# THE TASK:
Could you retype the records below exactly as they appear, skipping any pictures?

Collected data
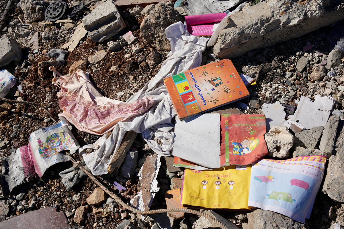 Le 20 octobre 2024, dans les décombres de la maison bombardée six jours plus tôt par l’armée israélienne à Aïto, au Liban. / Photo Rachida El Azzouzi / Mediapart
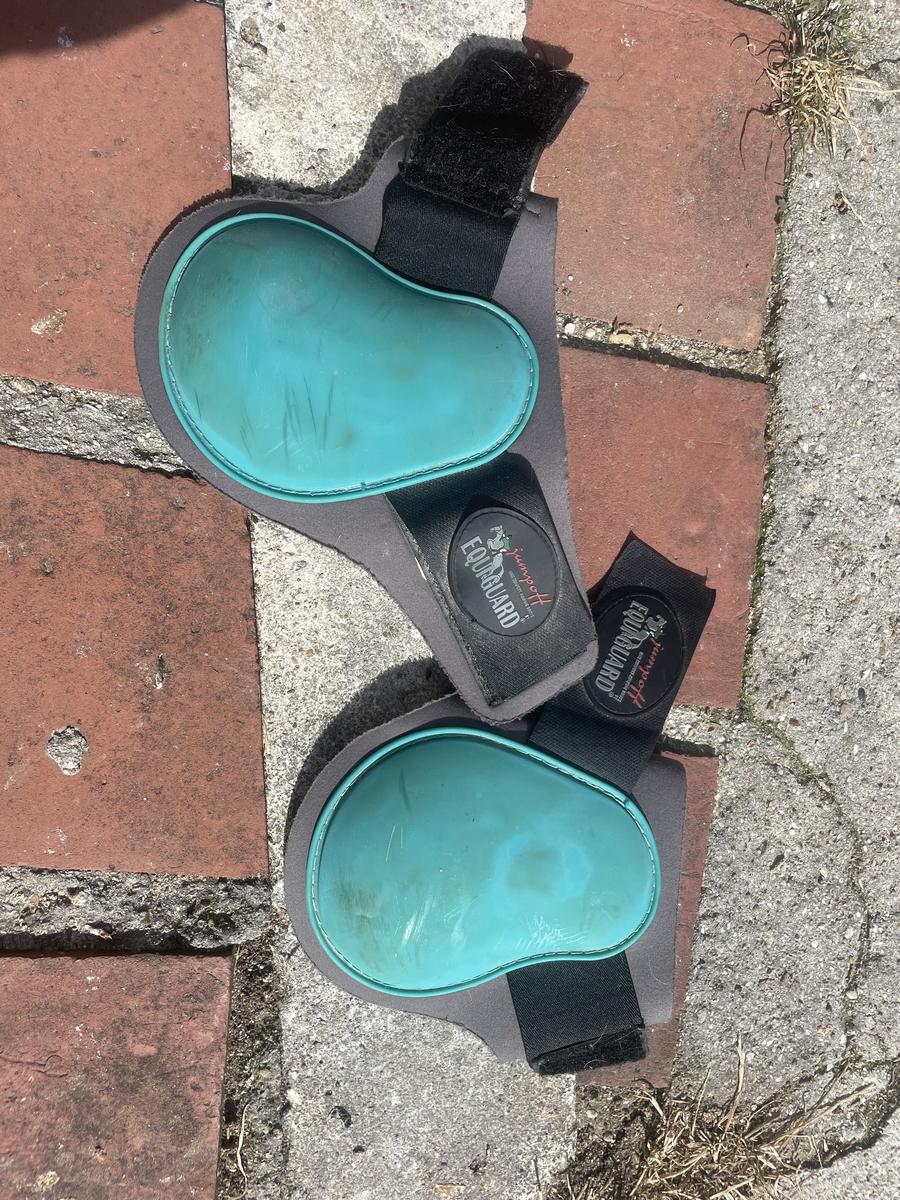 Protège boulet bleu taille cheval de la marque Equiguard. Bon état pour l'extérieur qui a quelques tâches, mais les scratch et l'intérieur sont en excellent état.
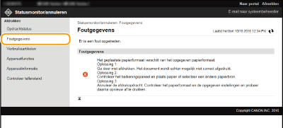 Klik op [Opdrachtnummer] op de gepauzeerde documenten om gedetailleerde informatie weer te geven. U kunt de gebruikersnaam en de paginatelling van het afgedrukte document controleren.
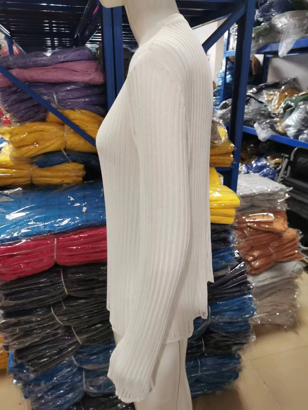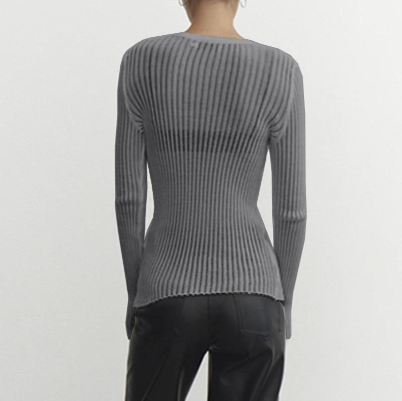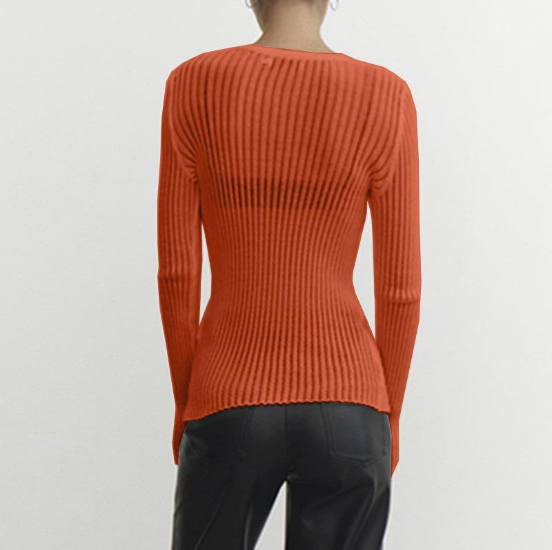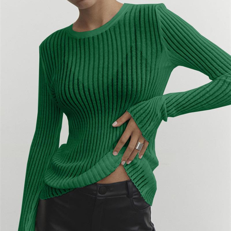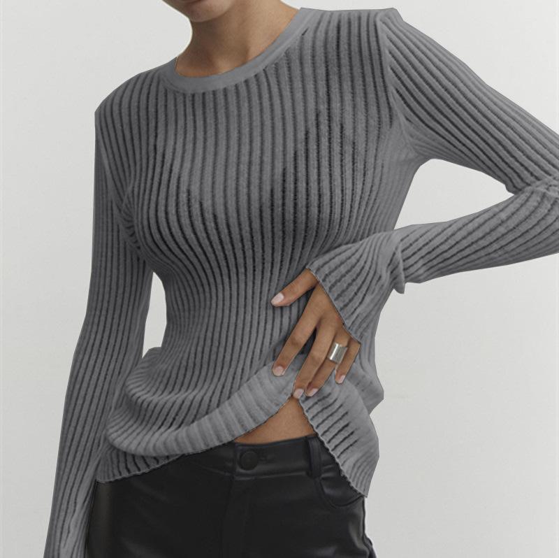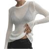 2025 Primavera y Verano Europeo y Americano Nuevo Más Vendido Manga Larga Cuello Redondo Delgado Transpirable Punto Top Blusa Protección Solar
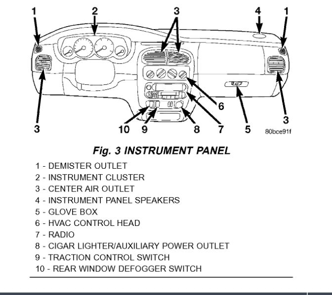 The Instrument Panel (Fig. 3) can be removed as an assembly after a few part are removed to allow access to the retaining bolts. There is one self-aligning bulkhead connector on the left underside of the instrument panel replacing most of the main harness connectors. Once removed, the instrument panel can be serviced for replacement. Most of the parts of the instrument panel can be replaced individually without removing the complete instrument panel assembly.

# WRITTEN REPLY:
 Le 20 octobre 2024, dans les décombres de la maison bombardée six jours plus tôt par l’armée israélienne à Aïto, au Liban. / Photo Rachida El Azzouzi / Mediapart
 Protège boulet bleu taille cheval de la marque Equiguard. Bon état pour l'extérieur qui a quelques tâches, mais les scratch et l'intérieur sont en excellent état.
 Klik op [Opdrachtnummer] op de gepauzeerde documenten om gedetailleerde informatie weer te geven. U kunt de gebruikersnaam en de paginatelling van het afgedrukte document controleren.
 2025 Primavera y Verano Europeo y Americano Nuevo Más Vendido Manga Larga Cuello Redondo Delgado Transpirable Punto Top Blusa Protección Solar
 The Instrument Panel (Fig. 3) can be removed as an assembly after a few part are removed to allow access to the retaining bolts. There is one self-aligning bulkhead connector on the left underside of the instrument panel replacing most of the main harness connectors. Once removed, the instrument panel can be serviced for replacement. Most of the parts of the instrument panel can be replaced individually without removing the complete instrument panel assembly.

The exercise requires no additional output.